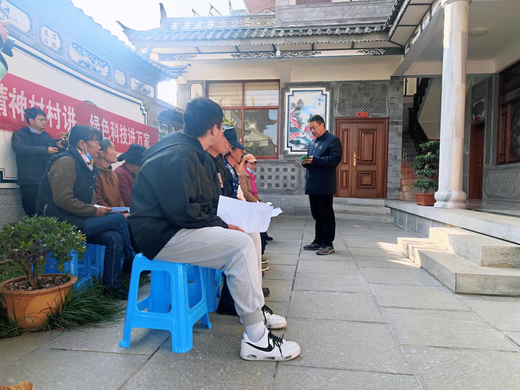 2022年,在云南古生村科技小院,张福锁院士(右)为村民讲述绿色生产和生活方式。受访者供图
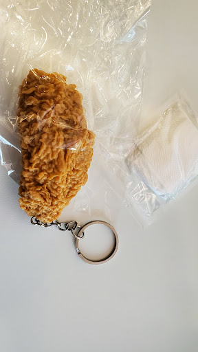 I brought my order back to my office and was surprised to find 3 food containers and several ancillary pieces, the first of which I thought was an individually wrapped breaded and deep fried chicken wing, but it was actually a key ring that looked realistically like a chicken wing. That was nearly worth the price of admission and made a few office mates envious. The first food container had, not 5, but 9 chicken wings, the next food container contained a green salad with Caesar dressing, and a third container had my steak sandwich.
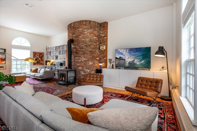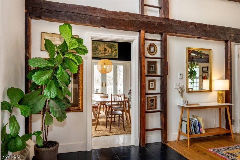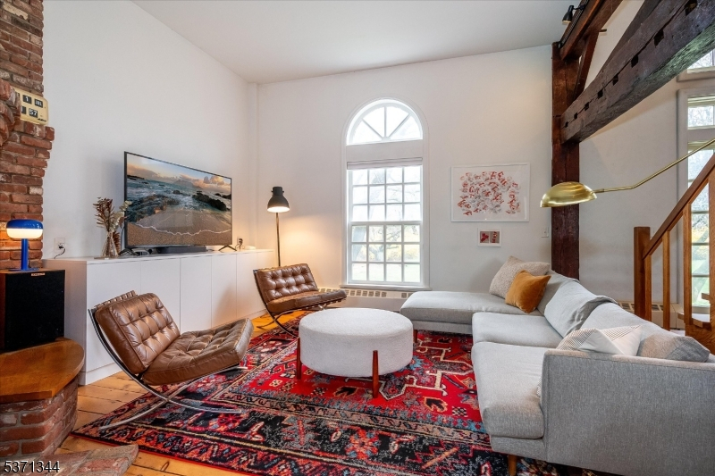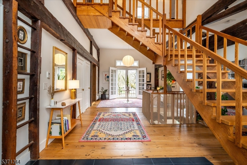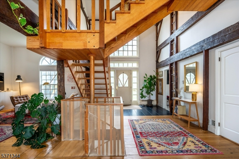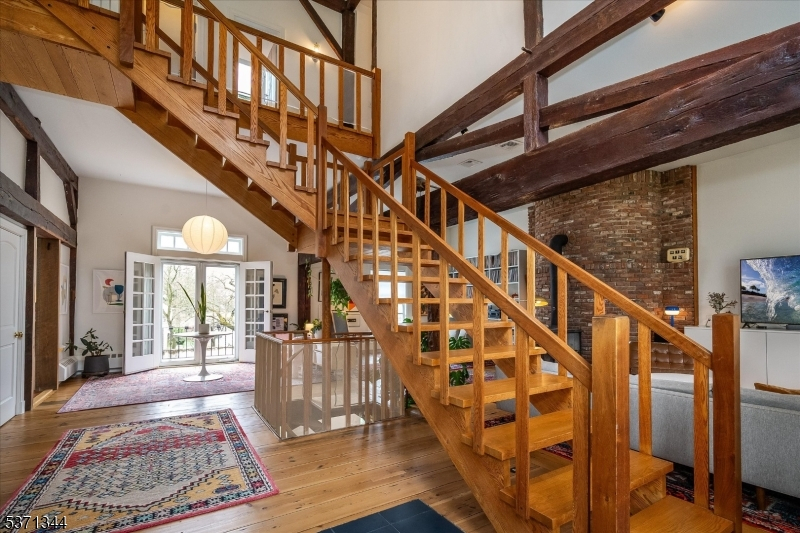 Step into a truly one-of-a-kind home an 1825 converted barn thoughtfully renovated to blend historic charm with modern style. Set on 2 private acres, this 3-bedroom, 2.5 bath residence offers three fully finished levels of living space filled with natural light from dramatic floor-to-ceiling windows. The open floor plan features soaring ceilings, wide plank floors, custom woodwork including architectural staircases and a stunning brick fireplace that anchors the main living area. The home's design is both stylish and functional, creating a cool, contemporary feel while preserving its unique character. Enjoy seamless indoor-outdoor living with multiple decks overlooking mature trees, a beautiful yard and a private walled courtyard perfect for relaxing or entertaining. A separate workshop adds flexibility for hobbies or creative space and the oversized 2-car garage also a converted structure, includes a large loft space above. Every detail reflects craftsmanship and charm, making this home truly special. A rare opportunity to own a modern, architecturally unique property with timeless appeal unlike anything else on the market!
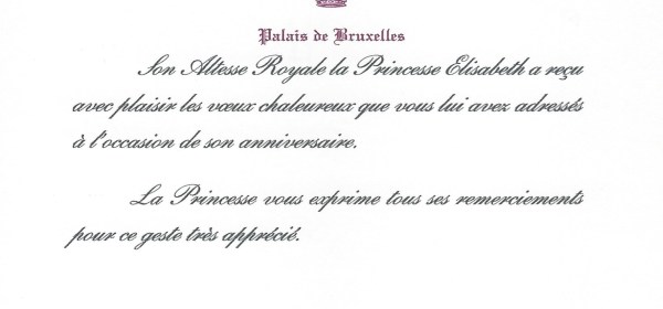 Royal response from Her Royal Highness The Duchess of Brabant on the occasion of her 19th birthday. Born Dutch: Elisabeth Theresia Maria Helena; French: Élisabeth Thérèse Marie Hélène on
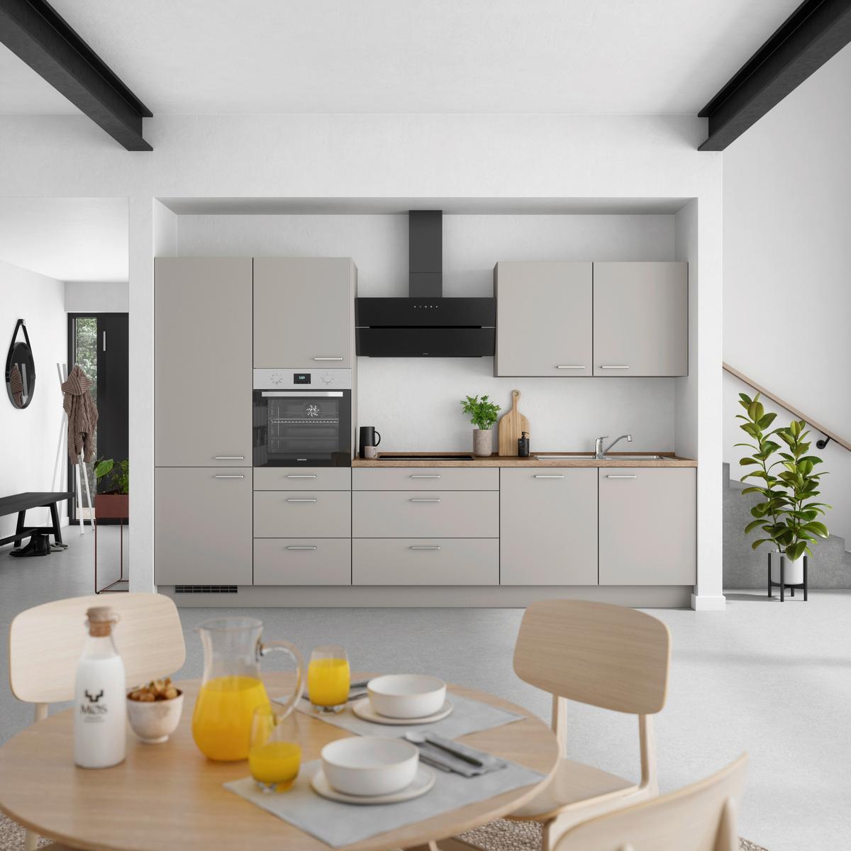 Küchenblock Touch High m. Geräten Grau - Eiche dunkel/Edelstahlfarben, MODERN, Holzwerkstoff/Metall (330cm) - Nobilia
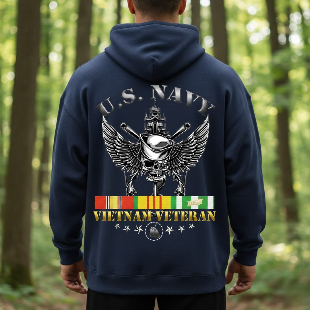 U.S. Navy Vietnam Veteran Hoodie Skull Sailor With Warship And Service Ribbon Veteran Gifts.
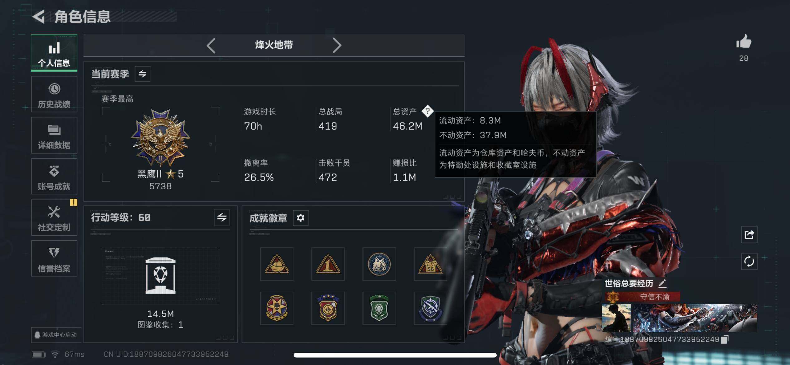 2217k哈伏币-8m流动资产-60烽火等级-黑鹰-15战场等级-上等兵
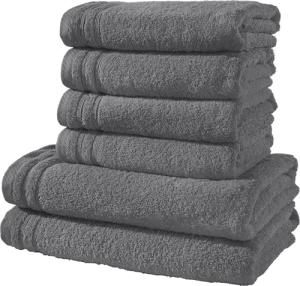 Handtuchset, Frottierset Heidelberg 6-TLG. 100% Baumwolle anthrazit - leichte Qualität, saugstark, schnelltrocknend, kompakt - ideal für Sport, Strand, Reisen
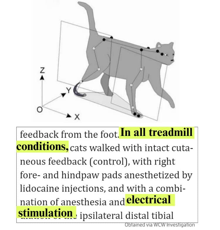 Now, WCW’s newest investigation revealed that Georgia Tech and Russian government labs have mutilated cats and forced them to perform locomotion tasks on multiple occasions, using multi-millions of taxpayer dollars to do so.
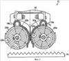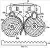 Барабаны могут вращаться прерывисто, но наиболее предпочтительно непрерывно, и барабаны одной партии вращаются в направлении, противоположном направлению другой партии.
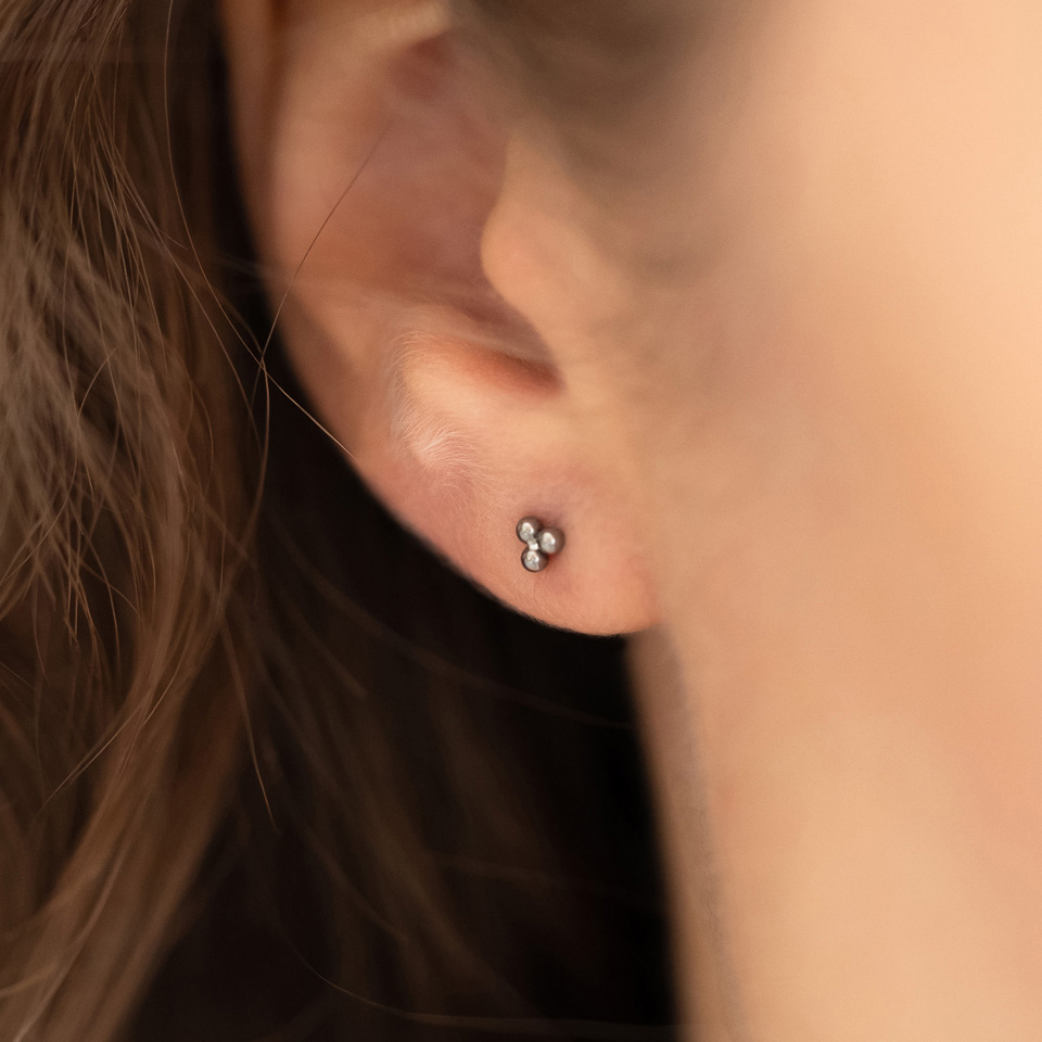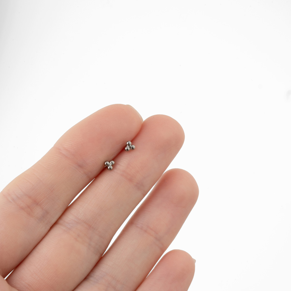 Push-in labret van titanium met driehoekig balletjes design

---*---

● **WORK REQUEST**
Restate the lines above exactly, from the one bearing "Барабаны могут вращаться" through the final line of the material, both included, omitting pictures.

● **TASK OUTPUT**
 Барабаны могут вращаться прерывисто, но наиболее предпочтительно непрерывно, и барабаны одной партии вращаются в направлении, противоположном направлению другой партии.
 Push-in labret van titanium met driehoekig balletjes design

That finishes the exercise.